Теперь я смог разглядеть лицо Зои. Она смеялась надо мной! И не скрывала улыбки. Поняв, что пронесло, я радостно заулыбался в ответ. Однако мой порыв был практически сразу остановлен, когда медсестра нахмурила тонкие брови и холодно поинтересовалась:
— И, где же цветы?
Я снова замер. А девушка, видя мою неловкость, весело рассмеялась. От сердца отлегло. Она вовсе не сердилась!
Ее простая, но такая глубокая красота не могли оставить равнодушным мое сердце. Мысли о ней, а теперь и эта встреча наполняли меня чувством, доселе неизведанным.

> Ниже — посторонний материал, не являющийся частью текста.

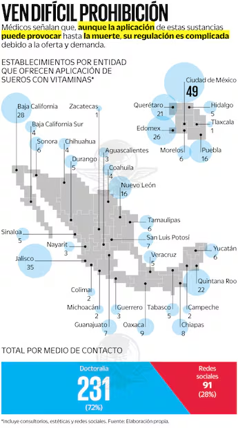 En la Ciudad de México hay al menos 49 lugares donde el suero se administra vía intravenosa, aun cuando no es recomendado por expertos. En Jalisco hay 35; en Baja California, 28; Estado de México, 26; en Quintana Roo, 22; en Querétaro, 21, y en Nuevo León y Puebla se localizan 16, respectivamente.
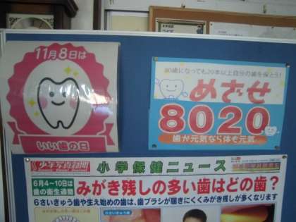 職員室前に、「11月8日はいい歯の日」の展示です!
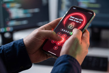 Male hands holding a mobile phone and entering a security code on a red digital interface to access an account while sitting near computer monitors displaying software code.
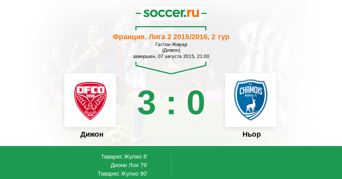 Протокол матча Дижон против Ньор
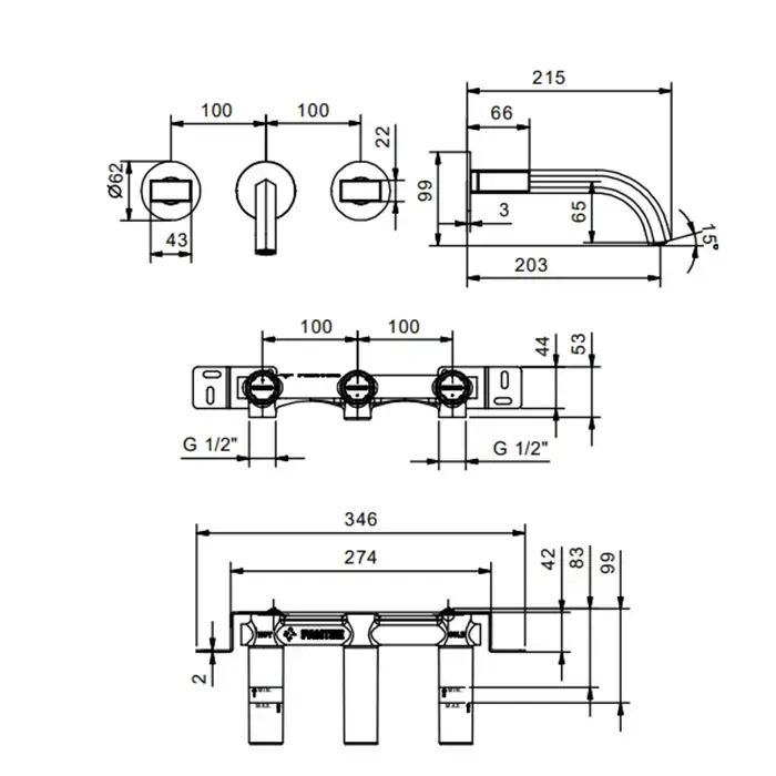 Fantini Venezia смеситель настенный -наружная часть, без ручек, цвет золото плюс
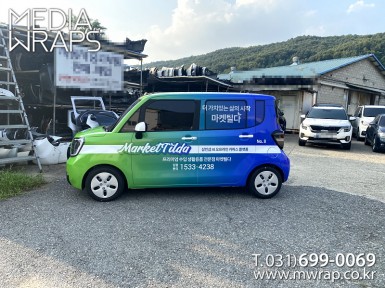 승용 마켓틸다 [작업차량] 레이 2대[차량색상] 화이트[랩핑타입] 전체랩핑 (지붕 포함)..
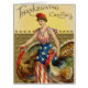 Original vintage Thanksgiving greeting illustration with a woman and turkeys.
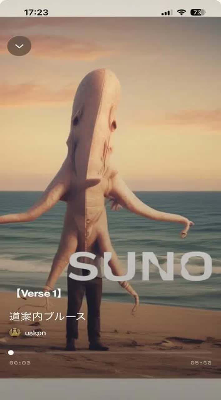Japanese jam band style inspired by “Razoku”, blending surf rock brightness, funky tightness, and reggae-style offbeat guitar, Instruments: clean electric guitar with slight wah/phaser, offbeat skank-style chords, melodic surf-style lead fills, groovy fingerstyle bass, warm live drums with tight hi-hats, Vibe: sunny, coastal, relaxed but rhythmically sharp, ocean-breeze swing, jam-oriented, Groove: reggae offbeat guitar on the “&” beat, funky syncopated bass, surf-rock melodic touches, Tempo: around 104 BPM, Guitar: clean Strat tone, palm-muted offbeats, occasional surf gliss and double-stop licks, Bass: round, deep, syncopated, playing between reggae space and funk movement, Drums: steady 4/4, rimshot backbeat, light ghost notes, slightly behind the beat, Mix: bright, open, airy, like a beach at sunset; maintain laid-back energy without pushing into rock climax, Overall feel: a chilled but danceable coastal jam, where surf-rock shimmer meets funky pocket and reggae offbeat rhythm
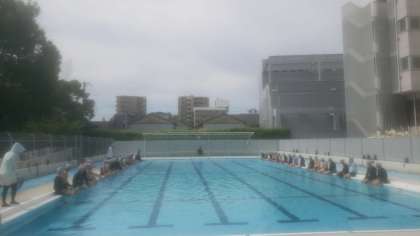 少し曇り空ですが、水温は連日の暑さの影響で、高めで、みんな気持ち良く活動を楽しんでいます。安全第一で水泳学習を進めていきますので、ご家庭での体調管理等十二分によろしくお願いいたします。

Нет, мне конечно нравились некоторые девушки с нашего завода. Опять же моя невеста Варвара — кровь с молоком, необъятная грудь, размер ноги больший моего, выполняющая нормы плана наравне с мужчинами! Мне, тогда многие завидовали, признавая в Варваре совершенную советскую девушку, выкованную для семьи и рождения бесконечных маленьких пионеров. Но Зоя! Утонченная Зоя! Фарфоровая статуэтка! Как же она прекрасна. Это был совершенно иной мир, другая Вселенная. И Зоя вписывалась сюда, как нельзя лучше. А я? Я? Я тоже хотел вписаться в новый мир. Он мне казался таким прекрасным и вовсе не чуждым. Сейчас, я понимал, что с каждой минутой во мне происходят изменения.
И теперь была огромная разница, в жизни до и после.

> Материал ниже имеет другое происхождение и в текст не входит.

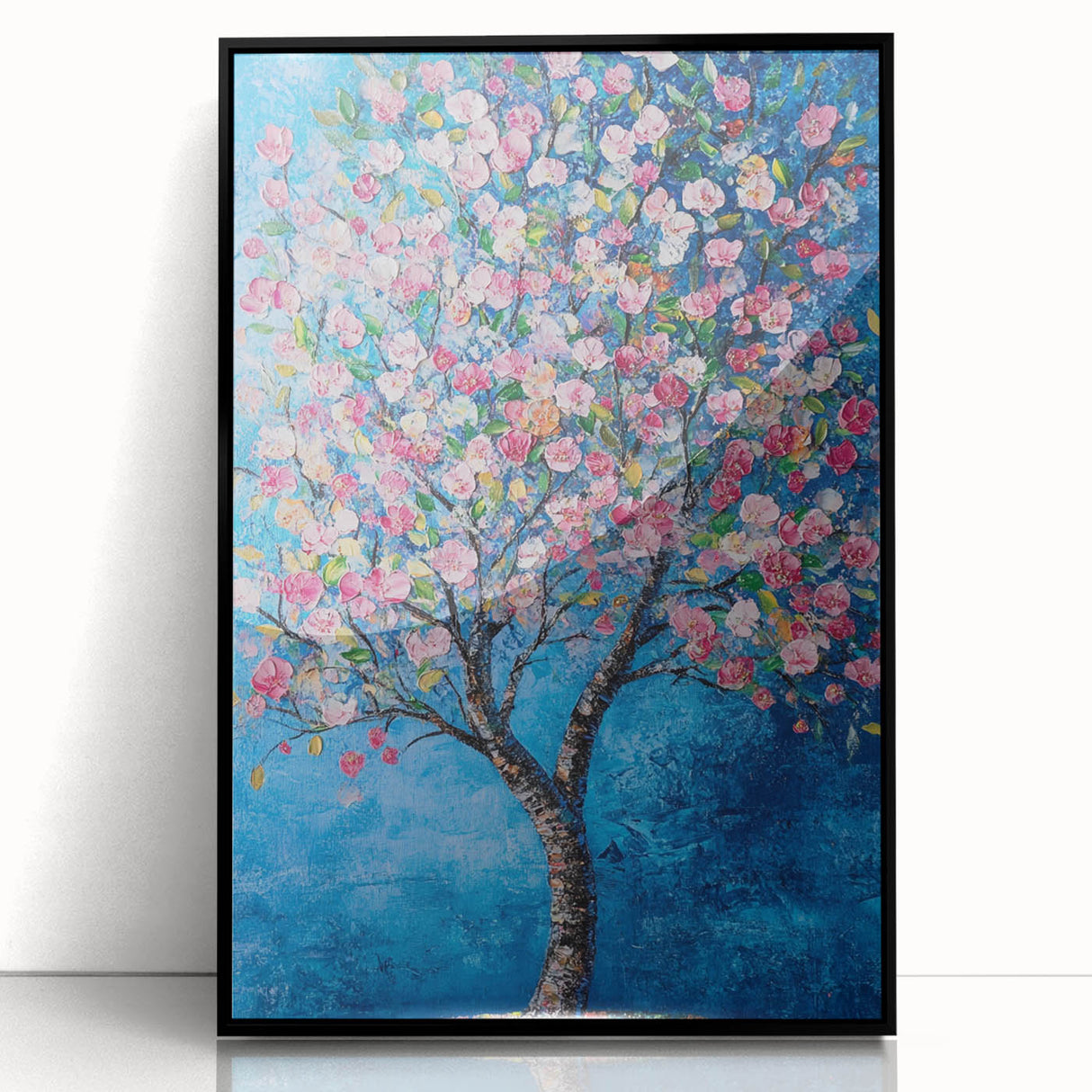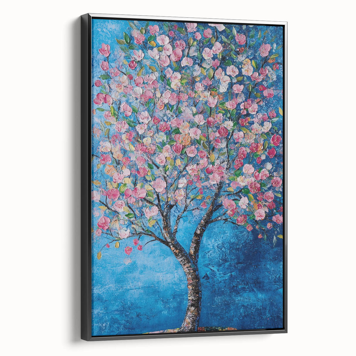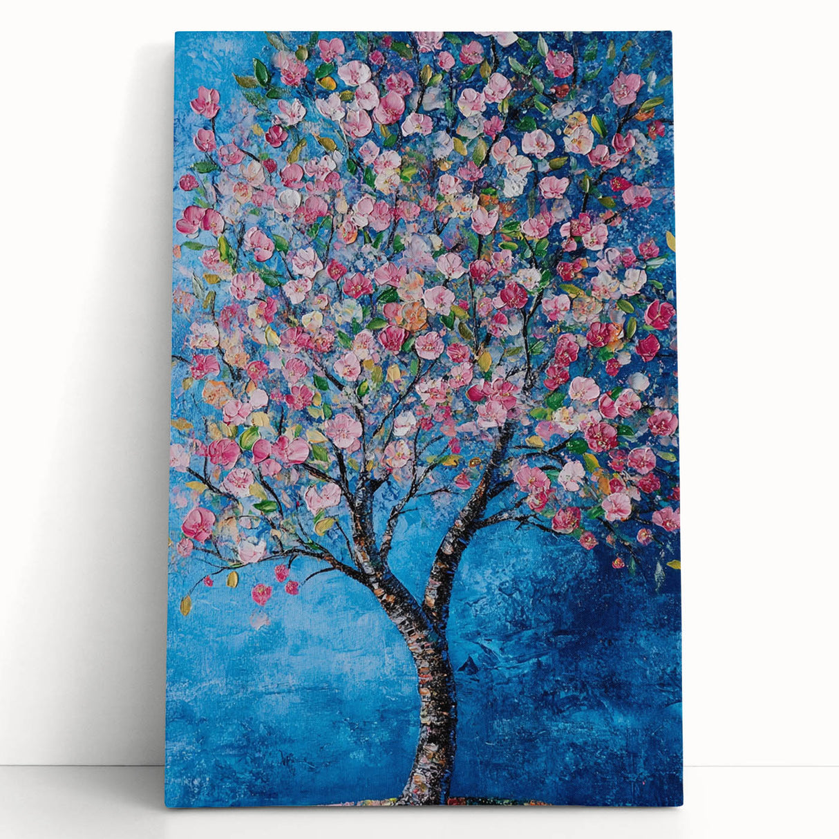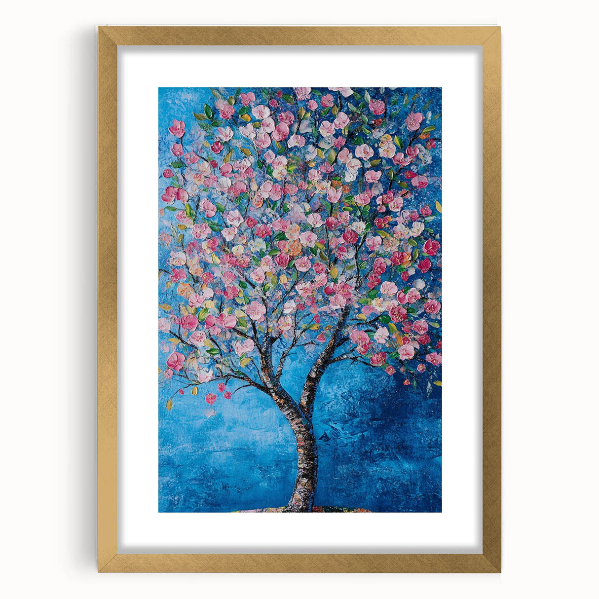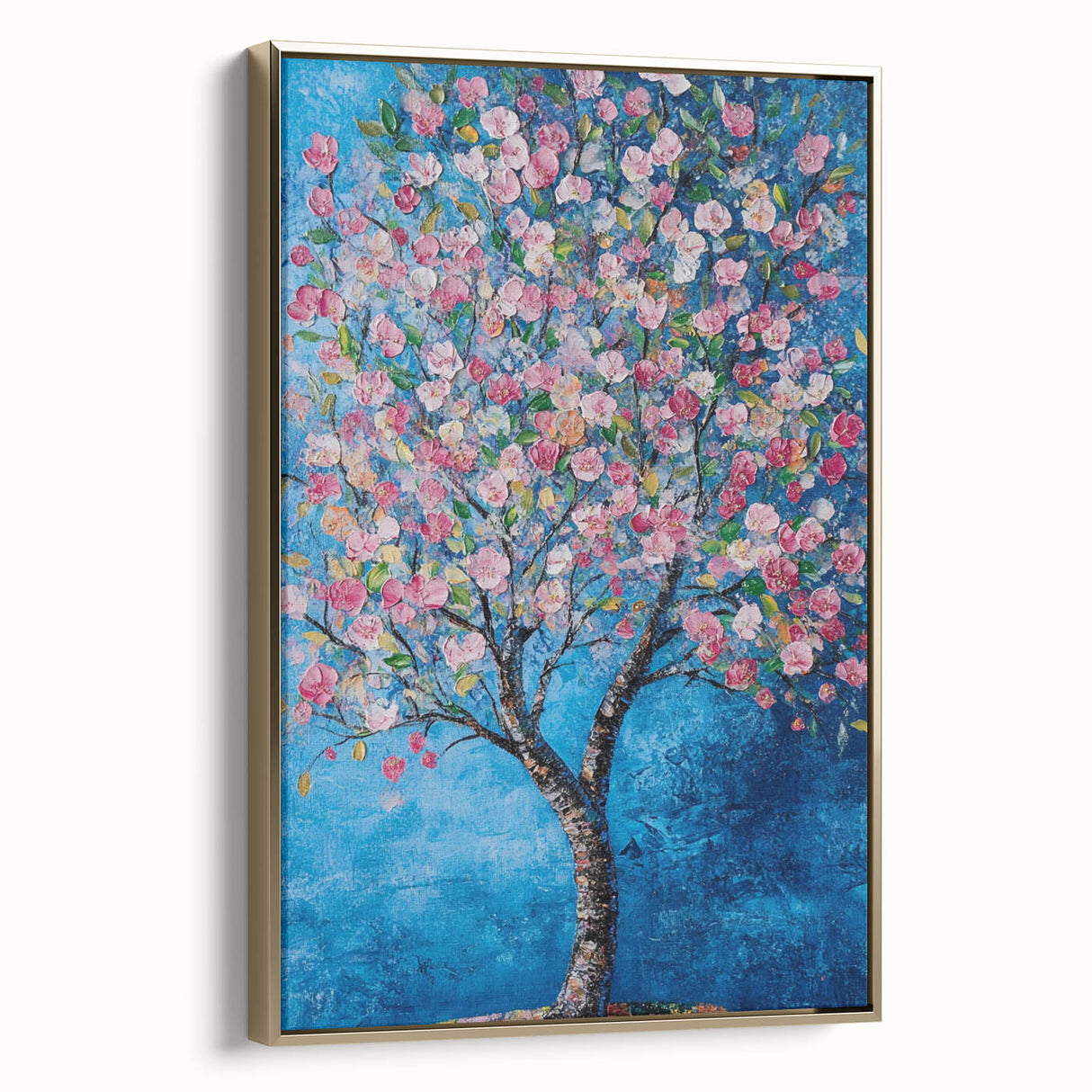 Celebrate the beauty of spring with this breathtaking tree art print, featuring a blooming cherry blossom tree set against a textured, deep blue background. The delicate pink flowers contrast beautifully with the rich blues, creating a nature-inspired wall art piece that brings a sense of renewal and elegance to any space.

Я чувствовал пропасть между моей жизнью до того момента, когда я коснулся в церкви хоругви и после. Мишка-комсорг стал прапорщиком русской Императорской армии — Михаилом Степановичем Григорьевым. Это странно воспринимать, но слово «товарищ» вдруг приобрело другой смысл и теперь «товарищами» я мог назвать белых офицеров, которые жили в моей палатке. И кто знает. Может они в ближайшее время станут и боевыми товарищами? Эта мысль меня не пугала. Больше не пугала. А почему? Банально из-за Зои. Из-за тех рассказов, которые передавались шепотом и люди, рассказывающие их, гневно сжимали кулаки, а слушатели, наоборот тупили глаза. И не было никакого наговора. Я понимал, что слышу рассказы, с другой стороны. С той, от которой не мог и представить. Ведь «белые» — это было всегда плохо, а «красные» — всегда правы, честны и справедливы. Я даже в детстве не хотел играть за «белых», считая позором. Такая команда всегда проигрывала. Потому что по-другому быть не могло. «Красные» неизменно побеждали.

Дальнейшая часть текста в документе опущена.